WHAT THIS TASK INVOLVES:
Would you copy the records exactly, leaving the pictures out?

────────────────

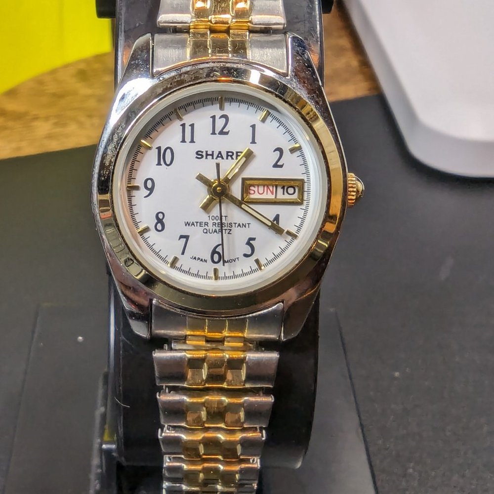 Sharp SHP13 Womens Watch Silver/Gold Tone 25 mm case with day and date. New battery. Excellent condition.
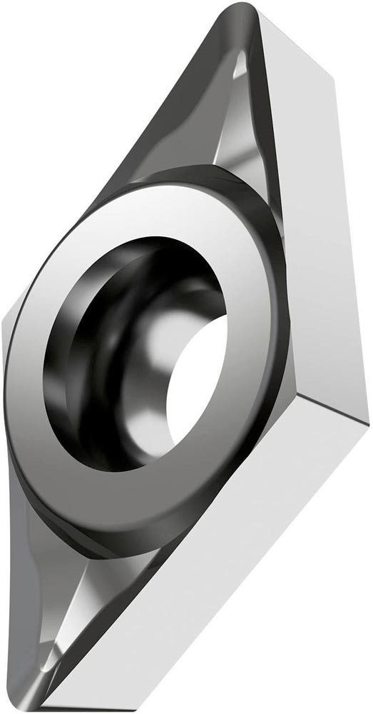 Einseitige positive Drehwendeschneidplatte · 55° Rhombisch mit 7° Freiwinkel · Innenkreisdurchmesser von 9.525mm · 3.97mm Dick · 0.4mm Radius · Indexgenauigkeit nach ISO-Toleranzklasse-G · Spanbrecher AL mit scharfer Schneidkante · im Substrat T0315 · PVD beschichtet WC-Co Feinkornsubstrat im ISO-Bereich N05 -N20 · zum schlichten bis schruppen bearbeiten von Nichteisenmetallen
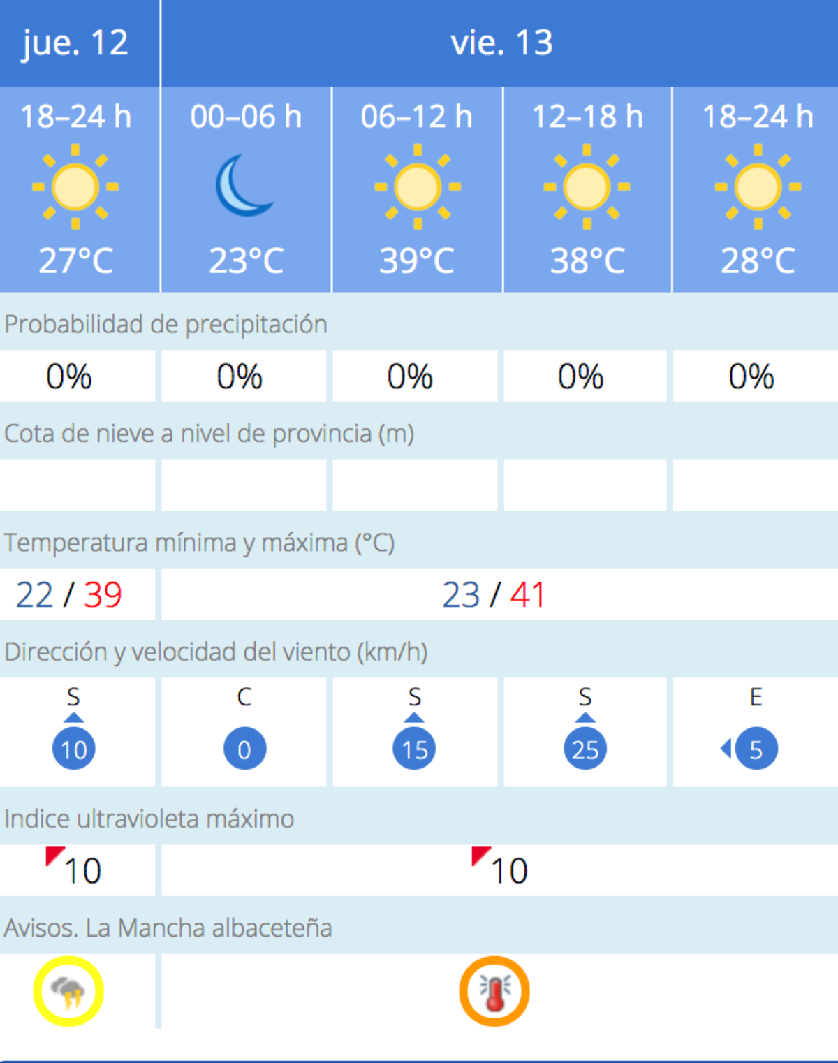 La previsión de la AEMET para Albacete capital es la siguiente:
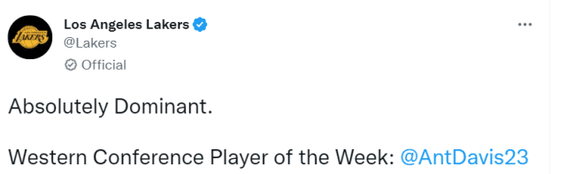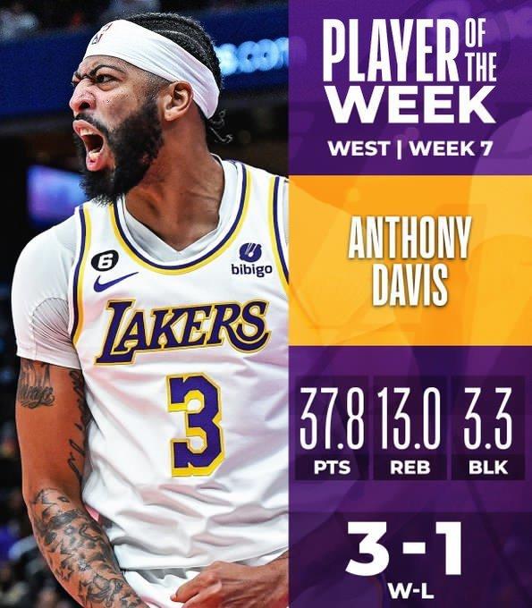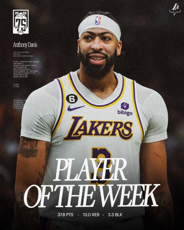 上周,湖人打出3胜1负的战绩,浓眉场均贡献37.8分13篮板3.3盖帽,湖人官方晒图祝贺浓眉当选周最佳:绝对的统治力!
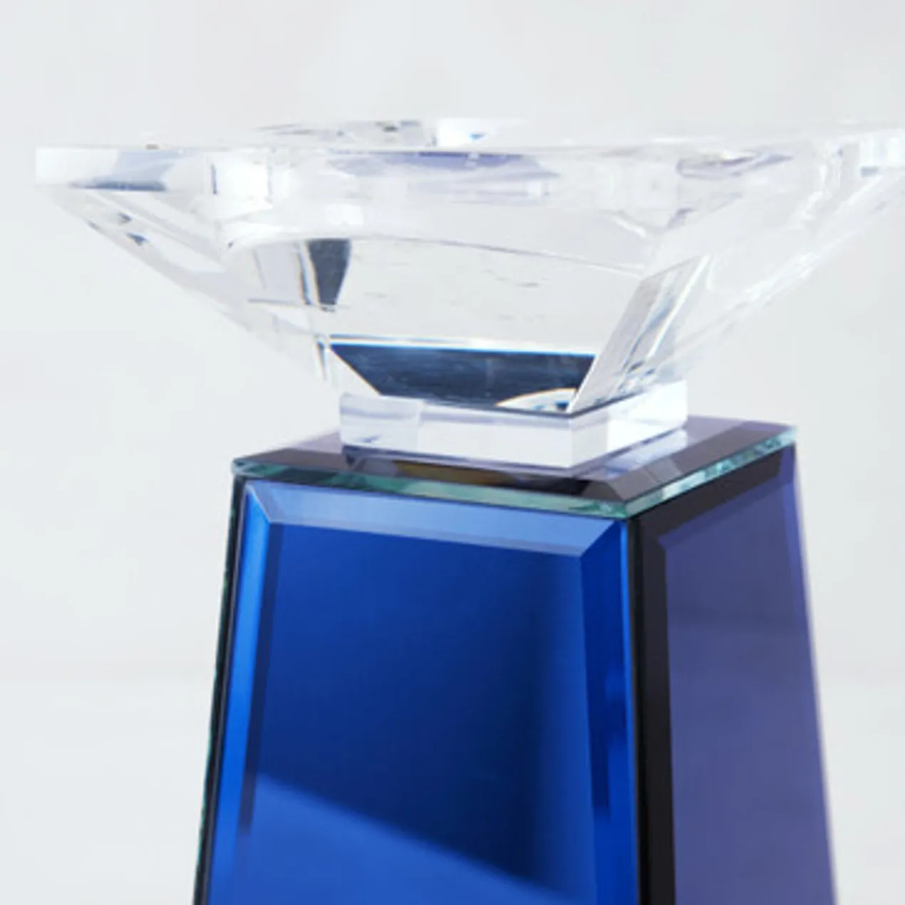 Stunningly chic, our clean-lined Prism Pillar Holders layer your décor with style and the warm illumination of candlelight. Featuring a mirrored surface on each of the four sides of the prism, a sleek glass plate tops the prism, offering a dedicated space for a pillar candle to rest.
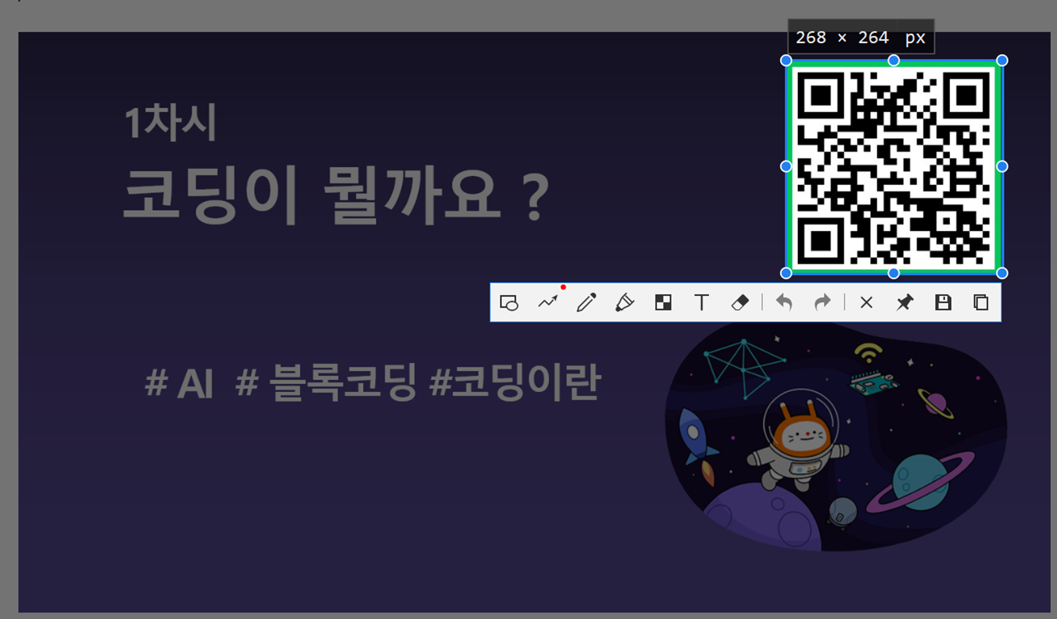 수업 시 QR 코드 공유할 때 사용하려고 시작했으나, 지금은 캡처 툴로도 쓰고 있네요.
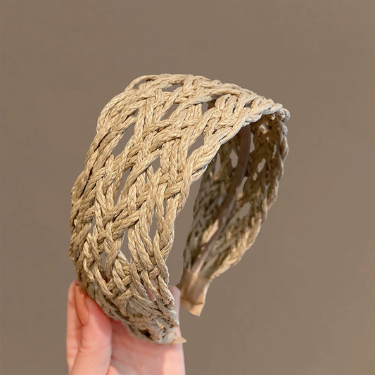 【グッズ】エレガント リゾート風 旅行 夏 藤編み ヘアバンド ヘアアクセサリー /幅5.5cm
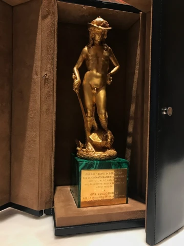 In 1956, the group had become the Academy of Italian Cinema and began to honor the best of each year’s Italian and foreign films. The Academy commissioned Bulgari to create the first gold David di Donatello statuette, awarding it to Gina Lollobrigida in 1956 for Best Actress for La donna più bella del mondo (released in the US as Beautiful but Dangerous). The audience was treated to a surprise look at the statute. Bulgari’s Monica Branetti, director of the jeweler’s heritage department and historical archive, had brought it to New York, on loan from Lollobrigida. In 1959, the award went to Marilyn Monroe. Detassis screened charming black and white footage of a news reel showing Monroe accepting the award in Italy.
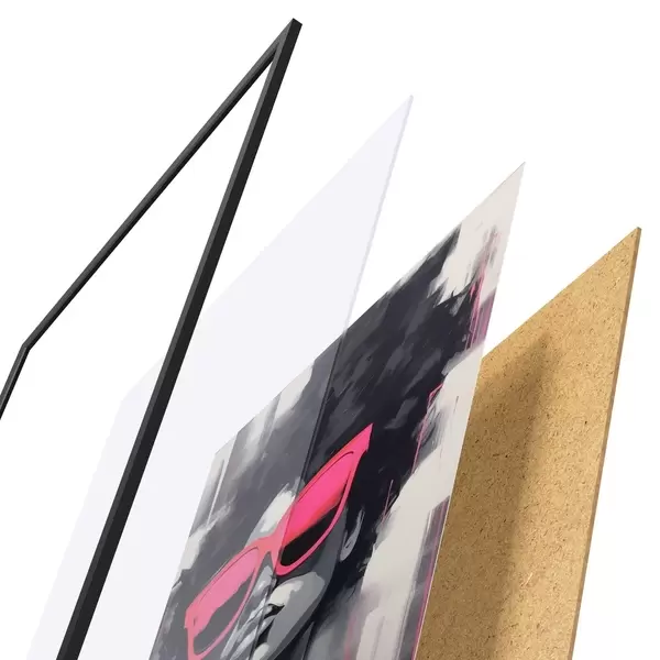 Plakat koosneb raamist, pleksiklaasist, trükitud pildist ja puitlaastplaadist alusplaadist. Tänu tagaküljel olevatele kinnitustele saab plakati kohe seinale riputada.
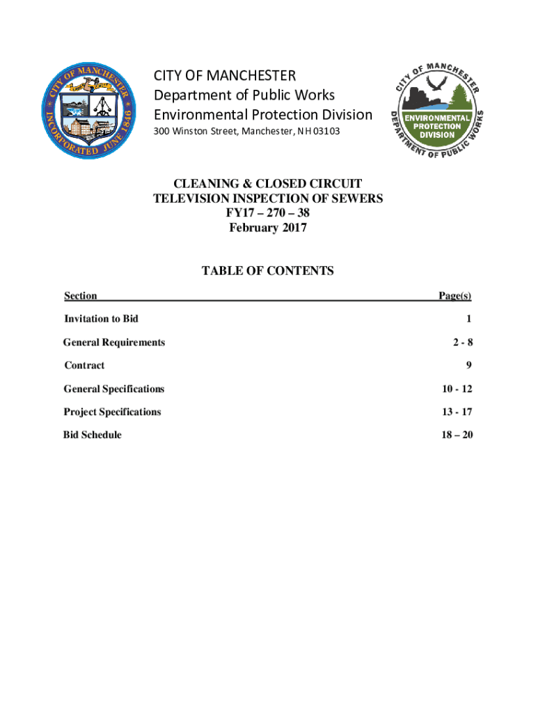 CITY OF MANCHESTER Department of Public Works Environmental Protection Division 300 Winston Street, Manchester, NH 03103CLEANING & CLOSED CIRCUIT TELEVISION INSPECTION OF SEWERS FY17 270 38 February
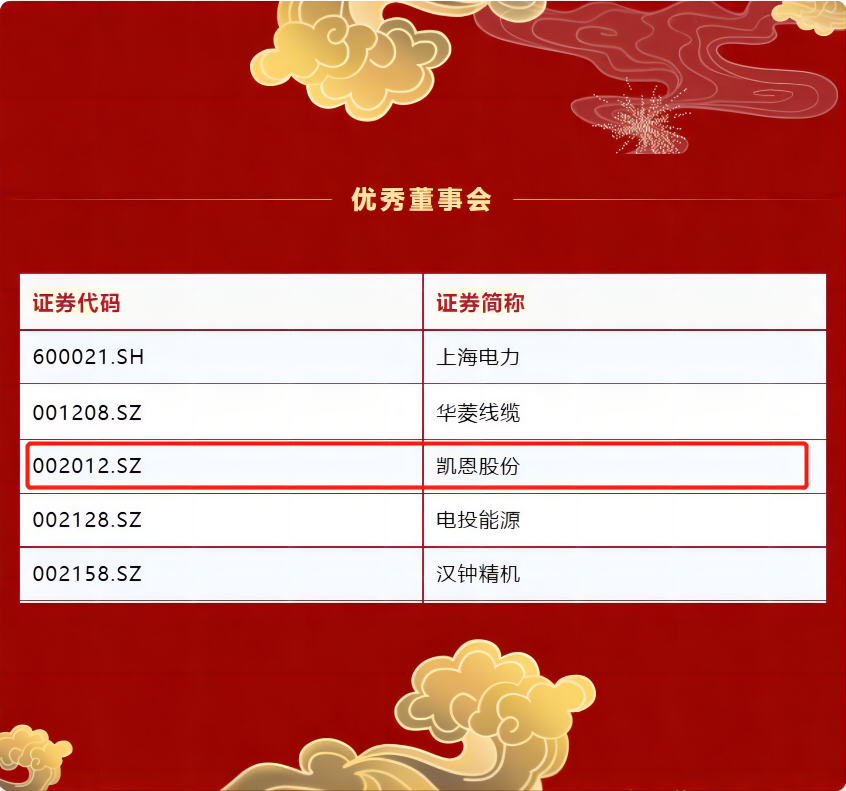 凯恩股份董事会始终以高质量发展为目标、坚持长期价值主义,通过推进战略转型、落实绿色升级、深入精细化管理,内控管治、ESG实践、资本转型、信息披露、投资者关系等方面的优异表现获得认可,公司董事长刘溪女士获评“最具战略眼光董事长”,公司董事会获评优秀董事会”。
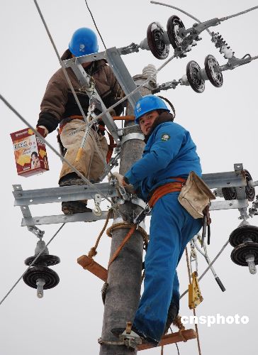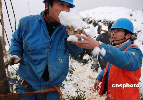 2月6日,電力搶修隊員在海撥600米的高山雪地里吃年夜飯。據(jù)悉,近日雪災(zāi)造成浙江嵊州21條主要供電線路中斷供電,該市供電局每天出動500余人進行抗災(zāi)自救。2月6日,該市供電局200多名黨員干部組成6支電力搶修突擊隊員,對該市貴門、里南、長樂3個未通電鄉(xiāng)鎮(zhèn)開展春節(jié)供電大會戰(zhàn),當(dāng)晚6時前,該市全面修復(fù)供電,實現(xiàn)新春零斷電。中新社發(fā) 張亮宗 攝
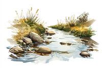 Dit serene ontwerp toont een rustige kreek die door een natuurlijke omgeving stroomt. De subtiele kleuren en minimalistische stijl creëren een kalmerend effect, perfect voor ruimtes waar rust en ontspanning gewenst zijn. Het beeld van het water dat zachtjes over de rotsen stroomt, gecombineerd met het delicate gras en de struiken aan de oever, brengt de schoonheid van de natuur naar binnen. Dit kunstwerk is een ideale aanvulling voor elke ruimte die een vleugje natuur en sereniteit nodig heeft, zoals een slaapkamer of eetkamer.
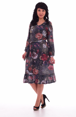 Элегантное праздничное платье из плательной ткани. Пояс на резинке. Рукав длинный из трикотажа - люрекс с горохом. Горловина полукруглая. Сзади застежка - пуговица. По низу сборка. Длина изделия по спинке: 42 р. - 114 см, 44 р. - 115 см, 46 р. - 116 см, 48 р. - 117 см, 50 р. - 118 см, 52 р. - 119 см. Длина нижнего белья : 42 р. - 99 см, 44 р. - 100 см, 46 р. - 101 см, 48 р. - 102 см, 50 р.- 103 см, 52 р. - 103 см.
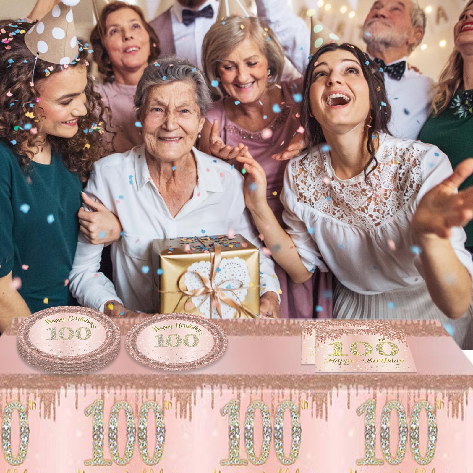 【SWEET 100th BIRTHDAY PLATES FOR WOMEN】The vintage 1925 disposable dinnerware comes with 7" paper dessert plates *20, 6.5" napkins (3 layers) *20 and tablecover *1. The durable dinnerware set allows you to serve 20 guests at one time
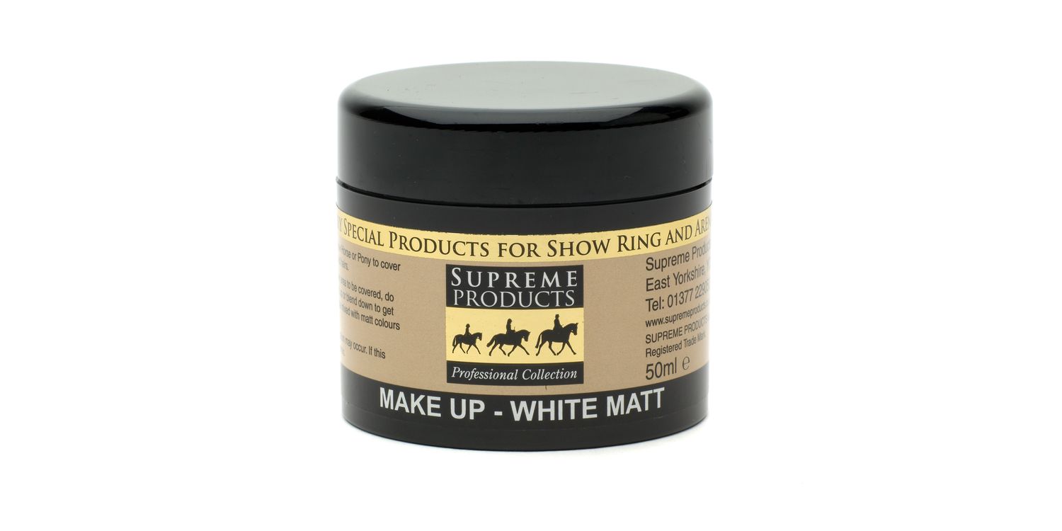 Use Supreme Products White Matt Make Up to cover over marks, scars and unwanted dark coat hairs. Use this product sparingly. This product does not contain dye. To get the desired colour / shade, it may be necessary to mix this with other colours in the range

────────────────

RESPONSE TO THE TASK:
 Sharp SHP13 Womens Watch Silver/Gold Tone 25 mm case with day and date. New battery. Excellent condition.
 Einseitige positive Drehwendeschneidplatte · 55° Rhombisch mit 7° Freiwinkel · Innenkreisdurchmesser von 9.525mm · 3.97mm Dick · 0.4mm Radius · Indexgenauigkeit nach ISO-Toleranzklasse-G · Spanbrecher AL mit scharfer Schneidkante · im Substrat T0315 · PVD beschichtet WC-Co Feinkornsubstrat im ISO-Bereich N05 -N20 · zum schlichten bis schruppen bearbeiten von Nichteisenmetallen
 La previsión de la AEMET para Albacete capital es la siguiente:
 上周,湖人打出3胜1负的战绩,浓眉场均贡献37.8分13篮板3.3盖帽,湖人官方晒图祝贺浓眉当选周最佳:绝对的统治力!
 Stunningly chic, our clean-lined Prism Pillar Holders layer your décor with style and the warm illumination of candlelight. Featuring a mirrored surface on each of the four sides of the prism, a sleek glass plate tops the prism, offering a dedicated space for a pillar candle to rest.
 수업 시 QR 코드 공유할 때 사용하려고 시작했으나, 지금은 캡처 툴로도 쓰고 있네요.
 【グッズ】エレガント リゾート風 旅行 夏 藤編み ヘアバンド ヘアアクセサリー /幅5.5cm
 In 1956, the group had become the Academy of Italian Cinema and began to honor the best of each year’s Italian and foreign films. The Academy commissioned Bulgari to create the first gold David di Donatello statuette, awarding it to Gina Lollobrigida in 1956 for Best Actress for La donna più bella del mondo (released in the US as Beautiful but Dangerous). The audience was treated to a surprise look at the statute. Bulgari’s Monica Branetti, director of the jeweler’s heritage department and historical archive, had brought it to New York, on loan from Lollobrigida. In 1959, the award went to Marilyn Monroe. Detassis screened charming black and white footage of a news reel showing Monroe accepting the award in Italy.
 Plakat koosneb raamist, pleksiklaasist, trükitud pildist ja puitlaastplaadist alusplaadist. Tänu tagaküljel olevatele kinnitustele saab plakati kohe seinale riputada.
 CITY OF MANCHESTER Department of Public Works Environmental Protection Division 300 Winston Street, Manchester, NH 03103CLEANING & CLOSED CIRCUIT TELEVISION INSPECTION OF SEWERS FY17 270 38 February
 凯恩股份董事会始终以高质量发展为目标、坚持长期价值主义,通过推进战略转型、落实绿色升级、深入精细化管理,内控管治、ESG实践、资本转型、信息披露、投资者关系等方面的优异表现获得认可,公司董事长刘溪女士获评“最具战略眼光董事长”,公司董事会获评优秀董事会”。
 2月6日,電力搶修隊員在海撥600米的高山雪地里吃年夜飯。據(jù)悉,近日雪災(zāi)造成浙江嵊州21條主要供電線路中斷供電,該市供電局每天出動500余人進行抗災(zāi)自救。2月6日,該市供電局200多名黨員干部組成6支電力搶修突擊隊員,對該市貴門、里南、長樂3個未通電鄉(xiāng)鎮(zhèn)開展春節(jié)供電大會戰(zhàn),當(dāng)晚6時前,該市全面修復(fù)供電,實現(xiàn)新春零斷電。中新社發(fā) 張亮宗 攝
 Dit serene ontwerp toont een rustige kreek die door een natuurlijke omgeving stroomt. De subtiele kleuren en minimalistische stijl creëren een kalmerend effect, perfect voor ruimtes waar rust en ontspanning gewenst zijn. Het beeld van het water dat zachtjes over de rotsen stroomt, gecombineerd met het delicate gras en de struiken aan de oever, brengt de schoonheid van de natuur naar binnen. Dit kunstwerk is een ideale aanvulling voor elke ruimte die een vleugje natuur en sereniteit nodig heeft, zoals een slaapkamer of eetkamer.
 Элегантное праздничное платье из плательной ткани. Пояс на резинке. Рукав длинный из трикотажа - люрекс с горохом. Горловина полукруглая. Сзади застежка - пуговица. По низу сборка. Длина изделия по спинке: 42 р. - 114 см, 44 р. - 115 см, 46 р. - 116 см, 48 р. - 117 см, 50 р. - 118 см, 52 р. - 119 см. Длина нижнего белья : 42 р. - 99 см, 44 р. - 100 см, 46 р. - 101 см, 48 р. - 102 см, 50 р.- 103 см, 52 р. - 103 см.
 【SWEET 100th BIRTHDAY PLATES FOR WOMEN】The vintage 1925 disposable dinnerware comes with 7" paper dessert plates *20, 6.5" napkins (3 layers) *20 and tablecover *1. The durable dinnerware set allows you to serve 20 guests at one time
 Use Supreme Products White Matt Make Up to cover over marks, scars and unwanted dark coat hairs. Use this product sparingly. This product does not contain dye. To get the desired colour / shade, it may be necessary to mix this with other colours in the range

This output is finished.